Beliefnet
Steven Waldman

In our interview, Joel Osteen mostly steered clear of controversy. (My full take on his recession-proof message here; full transcript here).
But given that he seems the very model of a modern major mega-church preacher, Osteen may raise some eyebrows with his explanation of why he’s avoided the label “evangelical.”
I asked him why he thought surveys had shown an increase in the number of people declaring no religious affiliation. Conservatives say that’s because the mainline Protestant denominations have become too watered down and inclusive. Others suggest it’s because religious conservatives became associated with controversial culture war issues.

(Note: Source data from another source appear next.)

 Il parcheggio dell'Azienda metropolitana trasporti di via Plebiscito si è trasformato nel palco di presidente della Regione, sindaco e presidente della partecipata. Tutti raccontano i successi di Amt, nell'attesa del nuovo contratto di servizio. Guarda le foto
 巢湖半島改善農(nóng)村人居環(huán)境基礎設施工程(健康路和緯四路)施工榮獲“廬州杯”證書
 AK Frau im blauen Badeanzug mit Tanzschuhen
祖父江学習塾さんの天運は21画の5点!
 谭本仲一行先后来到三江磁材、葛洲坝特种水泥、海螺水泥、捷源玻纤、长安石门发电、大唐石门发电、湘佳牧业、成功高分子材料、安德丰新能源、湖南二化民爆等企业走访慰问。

Osteen that he, too, had avoided the word evangelical because it had become too associated with the Republican party and divisive political issues:

BELIEFNET: Do you think it’s possible that kind of engagement in culture war issues has driven people away from Christianity?

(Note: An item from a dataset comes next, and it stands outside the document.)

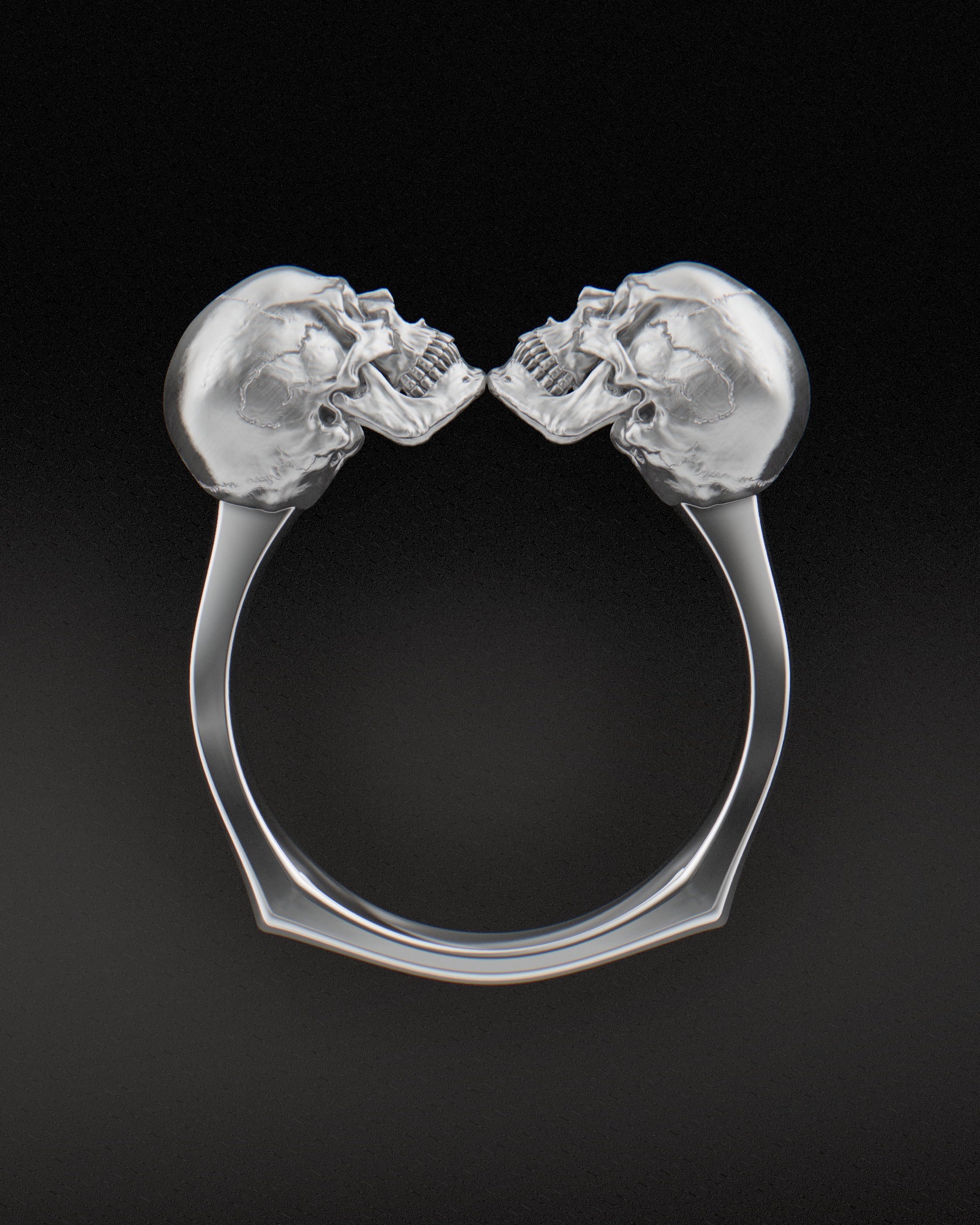Discover our Sterling Silver Eternal Lovers Ring, a meaningful symbol of enduring love. Crafted from high-quality solid sterling silver, this unique ring features a polished silver shank and two contrasting matte finished skulls, representing the unbreakable bond between two hearts, both in life and beyond.

OSTEEN: I’m sure it could. I can’t say for sure if I believe it but I do agree with some of that philosophy because I feel myself many times in those same shoes in that there was a time where I thought I don’t want to be known as “an evangelical” because at the time that meant you were a Republican that was against everything. I think that’s changed. That was a few years back.
I don’t want people to look at me as their minister and say he’s a Republican and he’s against this, that and the other because my church is made of up of all different types of people. In some ways I would agree with that. That’s again probably back to a belief my dad had that he didn’t get political because he didn’t want to divide the audience. I feel that same way. I don’t want to be categorized. Our message is about spreading Christ’s love to everybody. If you look at somebody and say he’s against that or that or he’s on that side, to me people start turning you off because of that.”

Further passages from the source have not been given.